The days of the salad are over for many startups in the online food delivery industry. After a long period of cash injections, splashy and high-profile promotions and interesting experiments playing with cutting-edge technology, these days layoffs, mergers and acquisitions and falling valuations are all too often the stories you are most likely to hear about. of them. Today, however, comes an interesting exception: Rohlika Prague-based online grocery delivery startup with approximately 1 million customers, announces that it has raised 220 million euros ($231 million at current rates), money it will use to continue investing in its current markets and its growth.

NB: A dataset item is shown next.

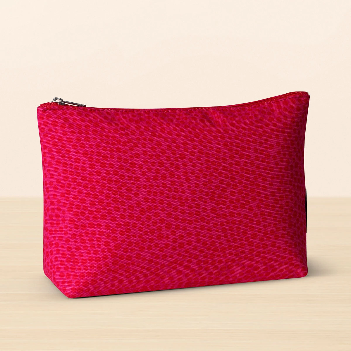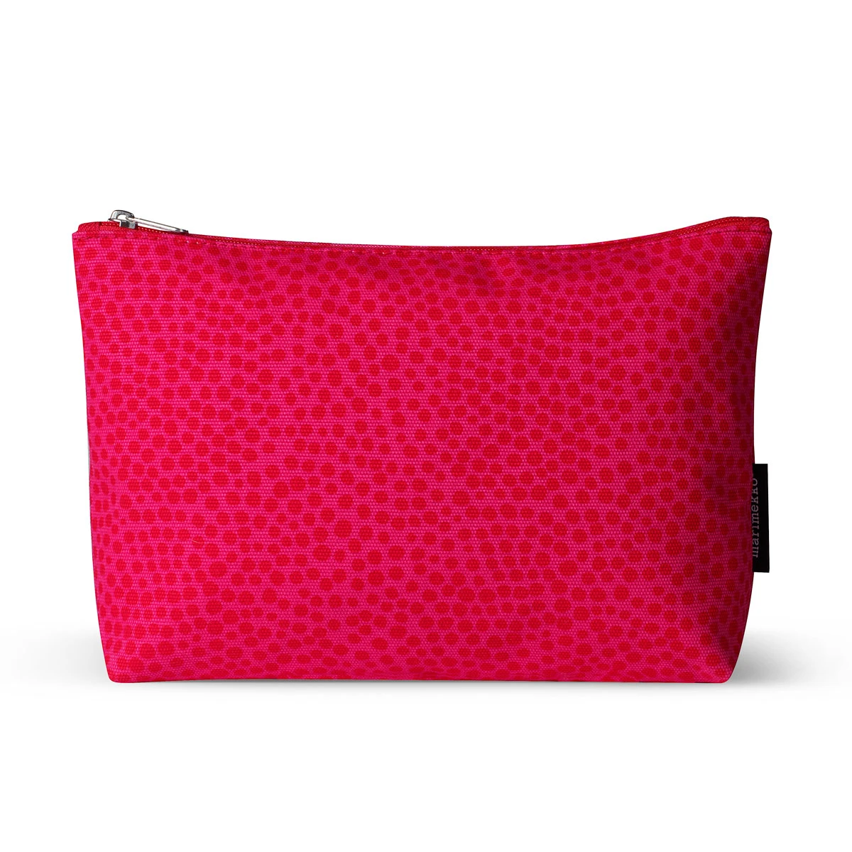 More about Marimekko Pirput Parput Ruut BagThe all-in-one versatility of the Marimekko Pirput Parput Ruut Bag makes packing or storing toiletries a lovely task. Made of sturdy cotton canvas with a PVC-coated cotton interior, the bag is easy to keep clean. The oversized pouch is roomy enough for cosmetics, toiletries, and perhaps even a hair tool. A zipper along the top keeps contents secure. Leave it on the countertop to showcase the fun spots of the Pirput Parput print in rich red and pink.

It is a Series D and it is led by a new backer, Sofina, with previous investors – Index Ventures and Founder/CEO Tomáš Čupr are both named – participating as well.
The investment comes at a difficult time for the sector. Other big European players Getir and Gorillas have made staff redundant; Deliveroo confirmed to us that they had frozen hiring; and others consolidate with bigger rivals as their leads dwindle. Rohlik pointedly noted with his announcement today that this Series D, which is taking place during a “turbulent” time, is coming in at a higher valuation than his Series C.
However, he declined to give a specific number, so it could mean anything. When Rohlik last raised money — $119 million almost exactly a year ago — it was valued at €1 billion, which was $1.2 billion at the time, but that figure is now closer to $1 billion given the fall in the euro against the dollar at the time.
Rohlik also noted that revenues were 500 million euros in 2021 (but declined to give current revenue figures), and that it was profitable in the markets where it operates in Hungary and the Czech Republic, respectively. since 2021 and 2018.
“Series D in this tough market is a great achievement for Rohlik and the whole team. Without our great people, we wouldn’t be in this position. This increase gives us a chance to emerge as a class winner in the next few years and I am excited about what lies ahead,” Čupr said in a statement.
On-demand food delivery has seen a wave of hype over the past couple of years, with the many different permutations of the model – “instant” delivery, hot takeout from restaurants, hot takeout from cloud kitchens, groceries, alcohol and non-essentials, autonomous delivery robots, etc., etc. – activated by bags of money from investors; a strategy between many players to flood the market in order to develop their delivery networks and reach out to more consumers through discount promotions; and of course a global health pandemic that has led many people to stay away from physical places for their dietary needs.
All of this has taken a very awkward downgrade over the past few months, driven by inflation and a very bearish stock market, which has criticized all publicly traded online grocery players and put pressure cascading over the rest of the sector. In this context, this round seems to indicate that there is still a thesis going where investors believe that a handful of companies will emerge from the broader field as winners.
Difficult time of truth: The winners may be those who perform the best, but there is also an argument to be made that it will just be those who have been exploited the most. In other words, those who have attracted the most investment stand to suffer the biggest losses if they do not succeed. (Rohlik has now raised more than half a billion euros, or more than $500 million.)
Again, Rohlik did not disclose any numbers on its growth over the past year, or its current earnings, in its press release; but it notes that its 90-minute turnaround time from order to door, with 15-minute time slots for reservation, now covers 17,000 items.
As we wrote before, Rohlik has a few distinctive details about its own approach in addition to its own focus on delivery times. Namely, it has taken over the production of many of the items it sells, such as baked goods; and it also has a mission to work closely with local shops and small producers, so these should be taken into account in the unit economy of its model. In fact, fresh produce makes up around 40% of its sales, which is above the average for grocery delivery companies and seems to be a pride for the company: perishables can be very difficult to obtain, so the fact that Rohlik sells them, and people buy them with confidence, says something.
The company is similar to Ocado in the UK in that it has taken a very methodical approach to growth. For its part, Ocado has not chosen to take Europe by storm, for example, but exports its technology to a number of partners around the world. Rohlik’s method mostly seems to be slow growing. It is now active in Prague, Budapest, Vienna, Munich, Frankfurt and soon Hamburg, Milan, Bucharest and Madrid, but no nationwide blitz seems to be in sight.
“This investment is part of Sofina’s strategy in the consumer and retail sector to provide capital to support growth opportunities alongside partners who share common values and a vision to bring efficiency , choice and convenience in food retailing to new levels,” Sofina CEO Harold Boël said in a statement. “We look forward to working with Rohlik, leveraging our decades of investment in the industry, as we believe its focus on local sourcing and assortment will position it well to capture a significant share of online grocery shopping, considering consumers’ turn to sustainability.
“We are very encouraged by the continued strong but sustainable growth of Rohlik, which has now achieved profitability in two key markets,” added Jan Hammer, Partner at Index Ventures. “This latest round of funding will allow the company to capitalize on the opportunity it faces as it doubles its investment in technology, accelerates its expansion and solidifies its market leadership.”